Initial observations of skulls, teeth and bacular structures showed 15 distinct patterns (Fig. 2 and Supplementary Fig. 1), each representing a putative species of Neodon. This included eight described species1,24, one previously evaluated group with unclear status and six tentatively unidentified taxa. We recorded the characteristics of the genitalia and bacular structures for males; and dental, external and cranial measurements for both sexes (detailed abbreviations of the measurements are provided in Supplementary Data 3) and further conducted morphological comparisons of these 15 putative species. The morphology of the glans penis provided useful clues about the affinities of microtine species and the differences in the characters of the glans penis clearly distinguished all putative species (Fig. 2). The pairwise Euclidean distances of dental measurements (e.g., the number of closed triangles on the first lower molar) also distinguished 15 patterns (Supplementary Fig. 2 and Supplementary Data 4). In addition, principal component analysis (PCA) (Supplementary Fig. 3) and subsequent two-sided t-tests or Wilcoxon rank-sum tests (Supplementary Fig. 4) of 17 statistical measurements of external and cranial characteristics of 95 intact adults (Supplementary Data 57) also resolved all 15 putative species.

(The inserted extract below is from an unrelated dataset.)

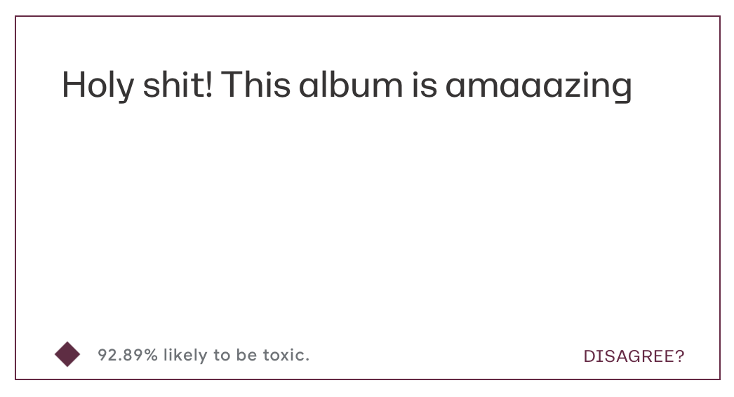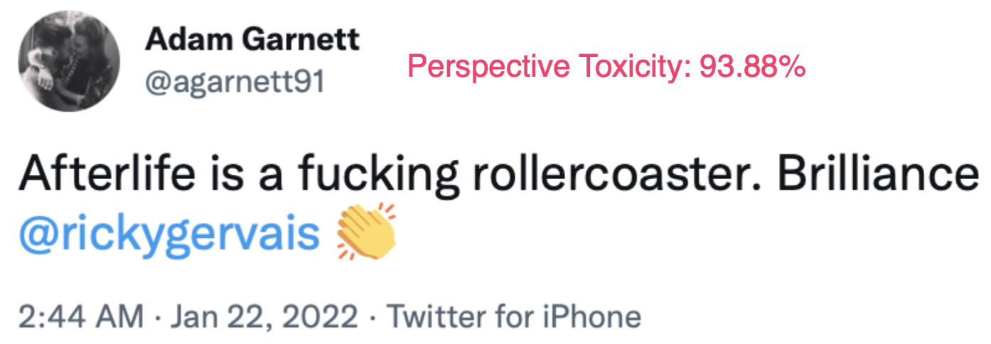 We love what the Jigsaw team is building, so this isn’t to suggest that Perspective doesn’t have great applications. Especially for its suggested usage — as a first-pass filter, leaving final judgments to human decision makers — marking all profanity as toxic can make perfect sense. Perhaps you don’t want your kids to see curse words, regardless of the sentiment behind them.

Fig. 2: Comparison of morphological features.
figure 2

a Comparison of tooth rows. b Comparison of glans penes. Numbered views are 1: glans; 2: midventral cut view; 3: urethral lappet; 4: dorsal papilla. Lettered structural features in a1 and a2 are a. distal baculum; b. outer crater; c. inner crater; d. ventral groove; e. glans; f. prepuce; g. penis body; h. station of dorsal papilla; i. lateral baculum (cartilage); j. urethral lappet; k. lateral baculum (bony part); l. distal baculum (bony part); and m. proximal baculum. The taxa are (from top to bottom) Neodon leucurus, N. fuscus, N. linzhiensis, N. forresti, N. irene from Clade 1, N. nyalamensis, N. sikimensis, unidentified taxon 1 (from Nanyi township, Milin County), unidentified taxon 2 (from Shergyla Mountains, Linzhi county), unidentified taxon 3 (from Motuo County, south of the Namchabarwa Mountains) from Clade 2, N. medogensis, unidentified taxon 4 (from Ridong village, Bershula Mountains, Chayu County), N. clarkei, unidentified taxon 5 (from Bomi County) and unidentified taxon 6 (from Chibagou National Nature Reserve, Chayu County) from Clade 3 (refer to Fig. 3 for clade information).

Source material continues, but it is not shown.